# Brief
Transcribe the records below in full; pictures stay out of the copy.

# Supplied information
▬▬▬▬▬▬

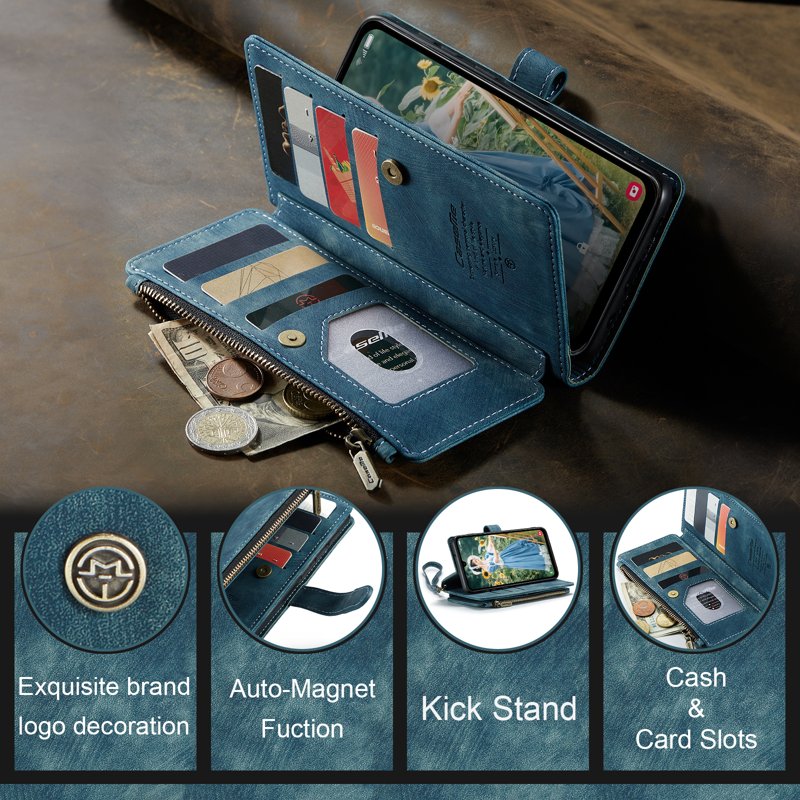 - Stort dragkedjeutrymme: Unik dragkedja ger ett mjukt och rymligt utrymme för sedlar, mynt och kreditkort utan att repa skärmen.
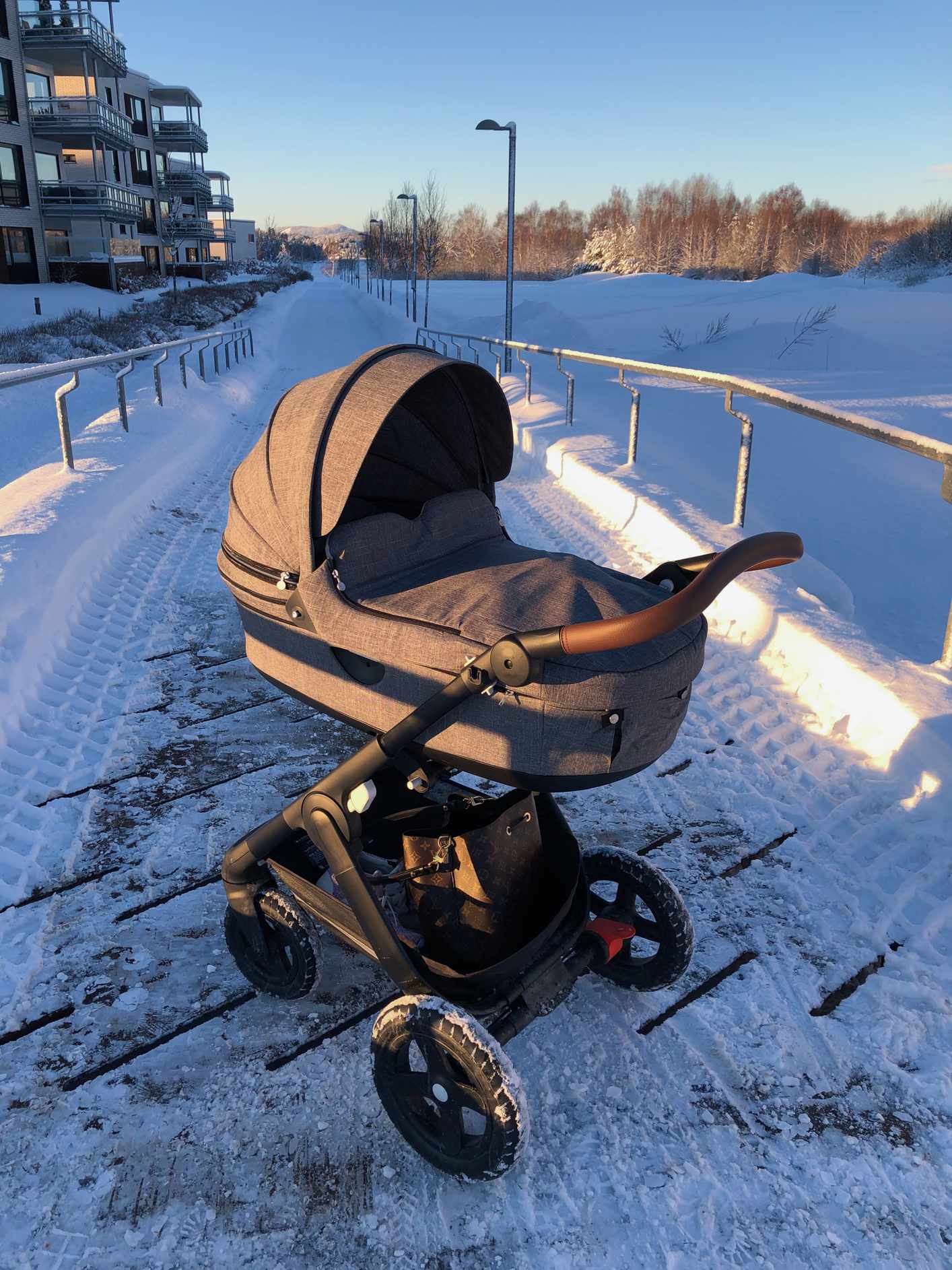 Hver morgen kl 09 går jeg og M til Sats (denne uken har det blitt på kvelden siden jeg er hjemme me syk F). Hun sover som regel da, så det er bare å sette vognen inn på mini Sats, og så gymmer jeg en times tid. Etter trening går vi en tur, og jeg skulle ha vært med på det bildet under med vognen, men ja, litt vanskelig å bli med på alle bilder når jeg er alene, haha. Da får det bli bilde av «M» og vognen.
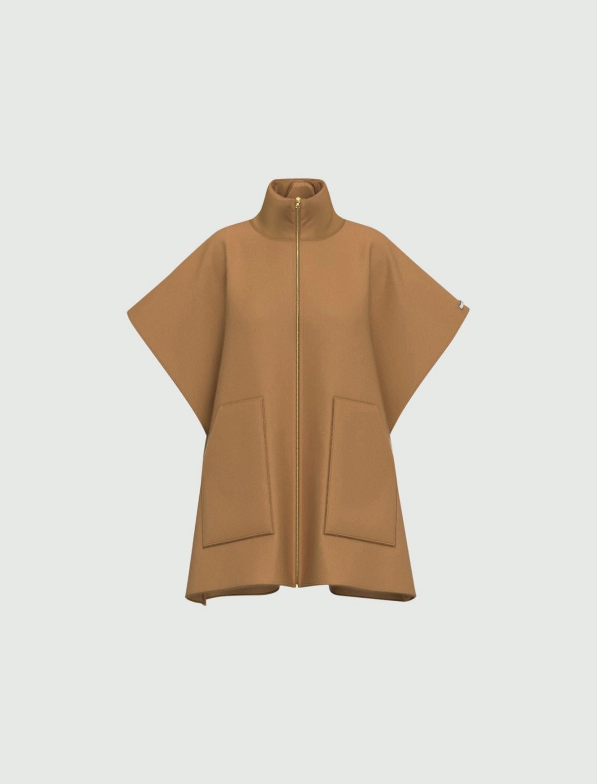 Elegante mantella cammello realizzata in tessuto tecnico double con carré imbottito, perfetta per la stagione di transizione. Il modello presenta fit dritto, collo rialzato e chiusura frontale con zip. Le maniche ad aletta e gli spacchi laterali donano libertà di movimento, mentre le macro tasche applicate aggiungono un tocco funzionale e contemporaneo. Un capo sofisticato e versatile, ideale per completare look raffinati e quotidiani.
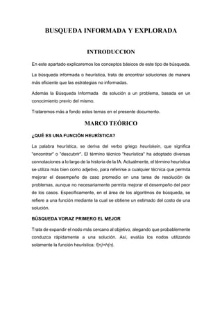 La búsqueda informada o heurística trata de encontrar soluciones de manera más eficiente que las estrategias no informadas mediante el uso de conocimiento previo. El algoritmo A* evalúa los nodos combinando el coste para alcanzar el nodo (g(n)) y el coste estimado de ir al objetivo (h(n)), buscando minimizar f(n)=g(n)+h(n). A* es óptimo si h(n) nunca subestima el coste real, lo que garantiza que f(n) no sobrestime el costo de la soluc
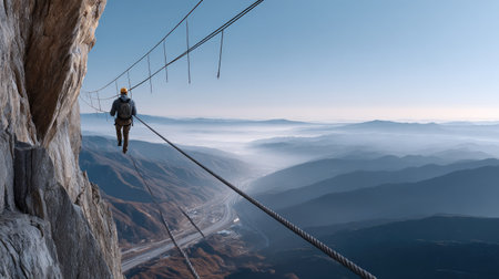 A daring adventurer crosses a high cable stretching over a stunning mountain range at dawn, with fog rolling over the valley below, creating a mesmerizing landscape.
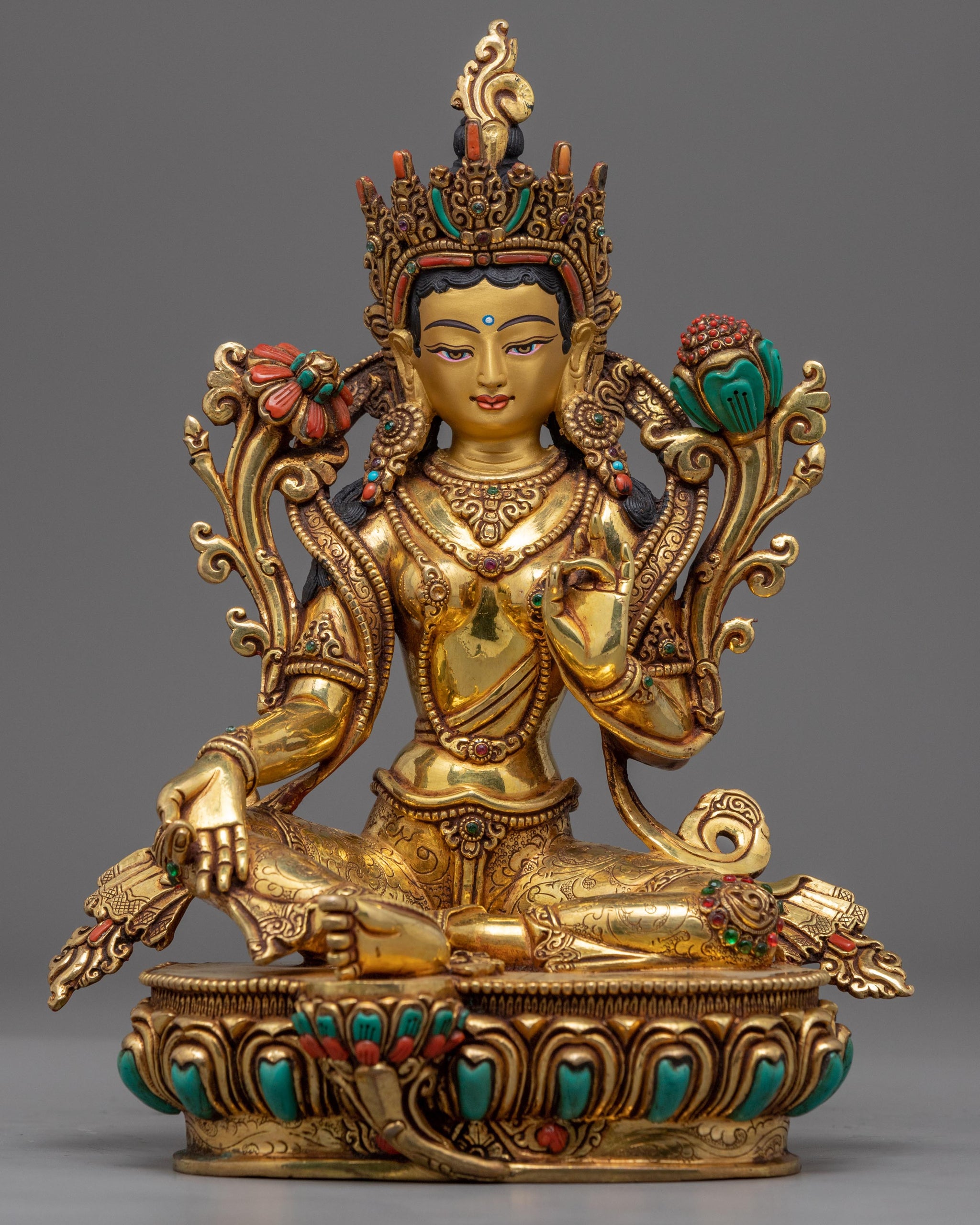 Genuine 24K Gold Gilded Green Tara Statue for Deity Meditation Practice

▬▬▬▬▬▬

# Written answer
 - Stort dragkedjeutrymme: Unik dragkedja ger ett mjukt och rymligt utrymme för sedlar, mynt och kreditkort utan att repa skärmen.
 Hver morgen kl 09 går jeg og M til Sats (denne uken har det blitt på kvelden siden jeg er hjemme me syk F). Hun sover som regel da, så det er bare å sette vognen inn på mini Sats, og så gymmer jeg en times tid. Etter trening går vi en tur, og jeg skulle ha vært med på det bildet under med vognen, men ja, litt vanskelig å bli med på alle bilder når jeg er alene, haha. Da får det bli bilde av «M» og vognen.
 Elegante mantella cammello realizzata in tessuto tecnico double con carré imbottito, perfetta per la stagione di transizione. Il modello presenta fit dritto, collo rialzato e chiusura frontale con zip. Le maniche ad aletta e gli spacchi laterali donano libertà di movimento, mentre le macro tasche applicate aggiungono un tocco funzionale e contemporaneo. Un capo sofisticato e versatile, ideale per completare look raffinati e quotidiani.
 La búsqueda informada o heurística trata de encontrar soluciones de manera más eficiente que las estrategias no informadas mediante el uso de conocimiento previo. El algoritmo A* evalúa los nodos combinando el coste para alcanzar el nodo (g(n)) y el coste estimado de ir al objetivo (h(n)), buscando minimizar f(n)=g(n)+h(n). A* es óptimo si h(n) nunca subestima el coste real, lo que garantiza que f(n) no sobrestime el costo de la soluc
 A daring adventurer crosses a high cable stretching over a stunning mountain range at dawn, with fog rolling over the valley below, creating a mesmerizing landscape.
 Genuine 24K Gold Gilded Green Tara Statue for Deity Meditation Practice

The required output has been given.